Опять-таки (уже теперь): не жалею об этом. Она привела меня в кабинет, квадратный, угловой, в два окна, хотя северное было плотно забрано шторой. Зато ангел западного, двойного, сквозь призрачный тюль на миг показал нам Печерск, как в сполохе молний в последнем закатном луче – развалы туч тотчас стерли его. Настя зажгла настольную круглую лампу, и я с изумлением огляделся. Может быть (так кажется мне теперь), это и было то, что я всю жизнь искал. Впрочем, не будем преувеличивать первых чувств – ни тогда, ни сейчас, здесь. Здесь, на горе́, я, может быть, просто радуюсь приятному воспоминанию, предвосхищая итог.

Кабинет был… не найду слов. Главное в нем было то, что он действительно был. Существуют предчувствия, или предпочтения, симпатии, – о которых мы знаем лишь очень смутно; такова мгновенная любовь, в которую не веришь сам. Но напрасны потом любые потуги ума: сумма черт не равна их смыслу. И я вряд ли добился бы результата, просто перечислив порядок предметов или оценив их вид в тот вечер в этой дивной комнате. Тут было несколько стенных шкафов, и пара выцветших ковриков между ними, и толстый ковер на полу с умопомрачительным узором, похожим на фундамент столь изощренного храма, с которым не сладит никакая архитектура. Огромный стол с этажеркой, увенчанной крупным парусником из тех, что продавала Ассоль и покупал Гарвей, и ваза на подоконнике с одним высохшим цветком, и кресло очень древней постройки с резными подлокотниками, и – настоящая редкость – тоже резной дорожный сундук – все это занимало остаток места. Единственная кровать, широкая, как тахта, хотя и с изножьем, стояла странно: в углу, у стены, однако ж была придвинута к краю еще одного книжного шкафа, до которого никак нельзя было добраться, не встав коленями на нее. А между тем именно в нем – я сразу разглядел – были нужные мне книги: их, верно, читали перед сном. Во всех прочих размещалась техника, атласы, словари и, кажется, астрономия: ее оправдывал исподволь поставленный на платяной шкап телескоп.

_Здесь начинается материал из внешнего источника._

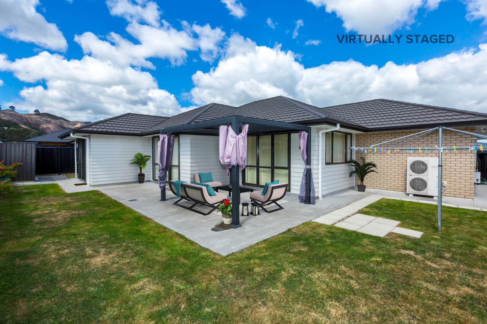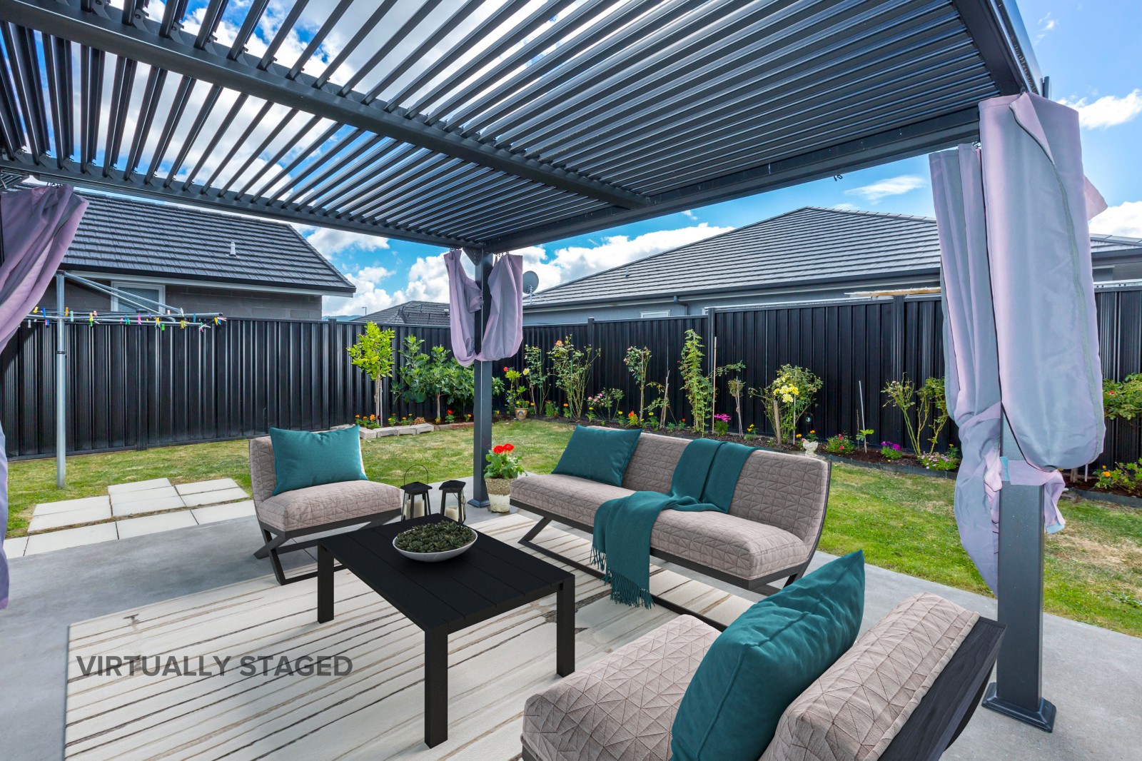 * Covered Entertainment Area: Perfect for outdoor dining and entertainment.

– Это комната деда, – сказала Настя. – Потом отца, а потом моя. – Она рассмеялась. – Вы сами должны решить, что́ вам тут нужно.

– Я уже решил, – сказал я. – Вон, видите? Это Сомов. Номерное издание, тираж не больше тысячи штук, год, полагаю, десятый. «Антология французской эротики» с его иллюстрациями. Судя по корешку – желтому, в шелке, – это подлинный переплет.

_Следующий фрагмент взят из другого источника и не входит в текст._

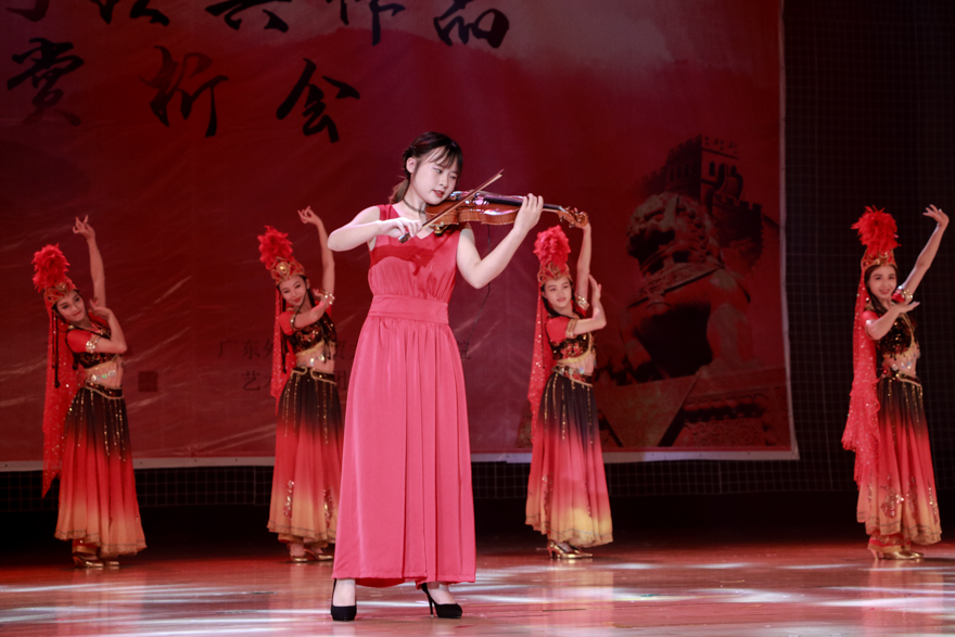 不同以上两首纯乐曲演奏曲目,艺术学院师生在演绎电影《冰山上的来客》的主题曲《花儿为什么这样红》时,运用舞蹈与乐曲演奏相融合的形式,让观众们回到了迷茫与艰苦交织,渴望及向往爱情的知青们只能寄情于歌的年代。歌曲后半部分节奏轻快,身穿维吾尔族民族服装的舞蹈演员和着轻快欢愉的音乐旋转、跃动,表现知青们激情燃烧的青春岁月。

Настя медленно кивнула головой. И снова посмотрела на меня так, как тогда, в коридоре. Я приготовился сказать: «В самом деле», ибо ожидал, что она спросит: «Вы и впрямь Тонин муж?»

Она сказала:

– Ну что ж. Это хорошо. Я хочу вам отдаться. Я думаю, мы с вами сейчас – да, прямо теперь же – займемся всем тем, что есть в той книге. Полистайте покамест ее. Вы читаете по-французски? Ну конечно. Тем лучше. А я провожу гостей. Не беспокойтесь, им правда пора идти. Тоня с мужем улетают утром.

– Куда? – беспечно спросил я. От ее слов все стало во мне мягким и легким, я даже не покраснел.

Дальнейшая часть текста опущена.